At the pharmacy window
Today the team split up as usual into two teams. Our assignments were in two separate communities located on opposite sides of the road halfway to Yuscaran. The bus could not navigate either of these roads. The plan was to take the bus as far as we could go, split into two groups and take 4 wheel drive trucks to our final destinations.
We had some confusion as to which duffle bags of medicine went on which truck, who was supposed to be on which truck, and where the lunches were—but finally we all loaded up and headed out. I was repeatedly offered a ride inside the truck by Paco—who was quite appalled that La Doctora wished to ride in the back of truck. However, my previous experience riding inside the truck meant one’s head frequently hit the inside of the cab as the springs were not all that great-==and most importantly, I could get the best pictures from outside.
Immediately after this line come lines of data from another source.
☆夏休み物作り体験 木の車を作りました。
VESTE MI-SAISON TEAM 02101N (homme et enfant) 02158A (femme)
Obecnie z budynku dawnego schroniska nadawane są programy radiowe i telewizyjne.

And I was most determined to get photos.
Our drive took us over an hour. Much of the road was over deep ravines, some of the road was washed out at points, and we were grateful for the motorcycle that preceded us and investigated the turns and bridges. Periodically Don and I would wave at Fred and Clint who were riding in the back of Dr. Lee’s truck who followed us at a respectful distance. His truck had very little power and needed a good run at some of the hills.
The church is a marvel. Two missionary teams built that church—and it is superb. The floor is a lovely laid tile with an inlaid cross; there is a cross behind the altar, grillwork fills the windows, and there is an absolutely spectacular view. The workers were well prepared for us and had the area set up with tables and chairs.
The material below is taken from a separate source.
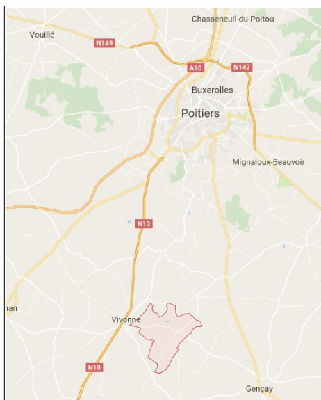
Localisation de la commune

La commune de Château-Larcher est située dans le département de la Vienne, à environ 25 km au sud de Poitiers. D'une superficie de 15,6 km 2 , elle comptait 995 habitants au 1 er janvier 2014. La commune dispose actuellement d'un plan local d'urbanisme approuvé le 7 juillet 2010.
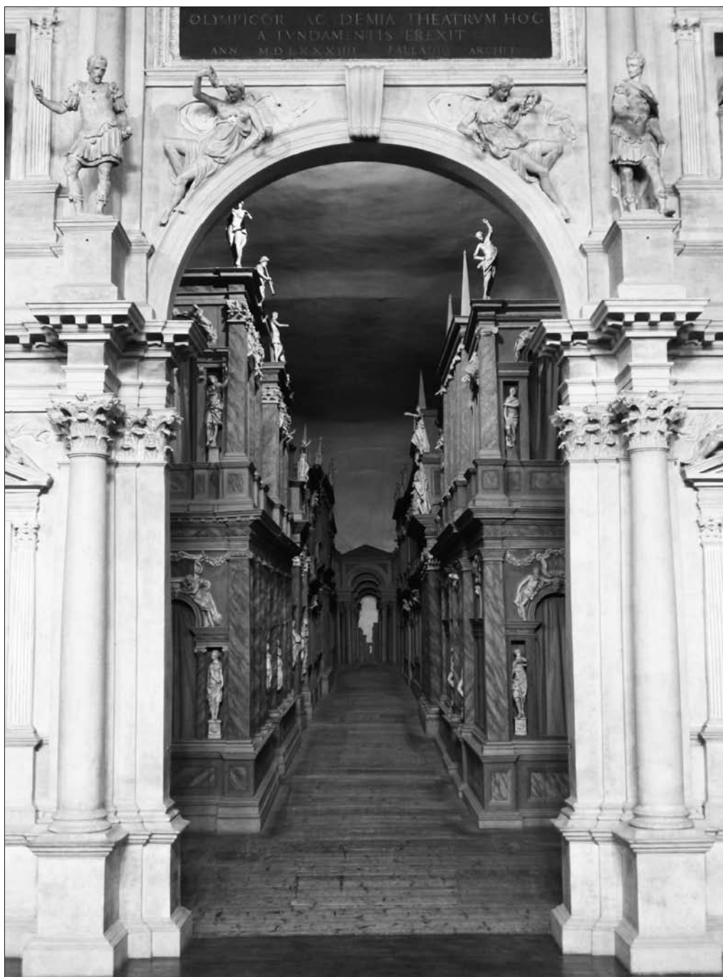
Obr. 1: Průhled do Scamozziho „thébské“ ulice.

Patients arrived slowly at first but then we had plenty to see. Clint, the newly minted physician sat with first me and then Bill. Finally we had him see the patient with Ellen, the interpreter, and have Bill oversee his diagnosis and treatment plan. I saw an 8 year old girl wearing a T-shirt saying “It’s all about Me, Me, and Me” Again we completed the medical portion of our visit and I translated the T-shirt for her—“Todos los Mundos es por Mi, Mi y Mi”. The mother laughed and said no, that was usually not true. Another small boy had a T-shirt that proclaimed “ this is the important choice’ I translated that as well—and the little boy looked most surprised as the choices were all about video games.
We did not break for lunch until 2. I was too hot to eat much; Sammie Lee, Carol and Don declined most of their lunch. I passed out the plates of food to the workers and the patients. Don the pharmacist patiently poured out the tamarindo juice for the workers and the patients. Later we learned that the other team’s lunch had fallen off the back of the truck and that they had then backed over it—creating very squishy sandwiches.
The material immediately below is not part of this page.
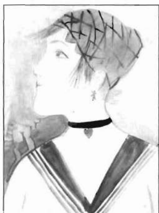
Otto Dix: «Muchacha de una fábrica», 1922

The day passed quickly and suddenly it was nearly 4. The pharmacy finished up their work with the help of Fred—and I had the opportunity to read some of my Bilingual books to the children. The adults were just as interested in the story as the children—and I gave my books at the end to the pastor/lay preacher at the church. He had read several of the books –to himself at lunchtime.
I spoke to him at the end of the day—about how important education is for the children. That is, indeed, my first love, giving children the love of reading. Reading transformed my life and I wish to pass that opportunity on to others. When I see their faces, I see myself as a child===not really knowing that life could be different than what I knew—but reading provided an insight into an entirely different world.
We were all pleased to see Dr. Lee’s truck at the end of the day. I distributed Carol’s stash of lunch items including canned sardines. There was much laughter as I explained that my husband loved canned sardines but I did not—and therefore the sardines were only for a man.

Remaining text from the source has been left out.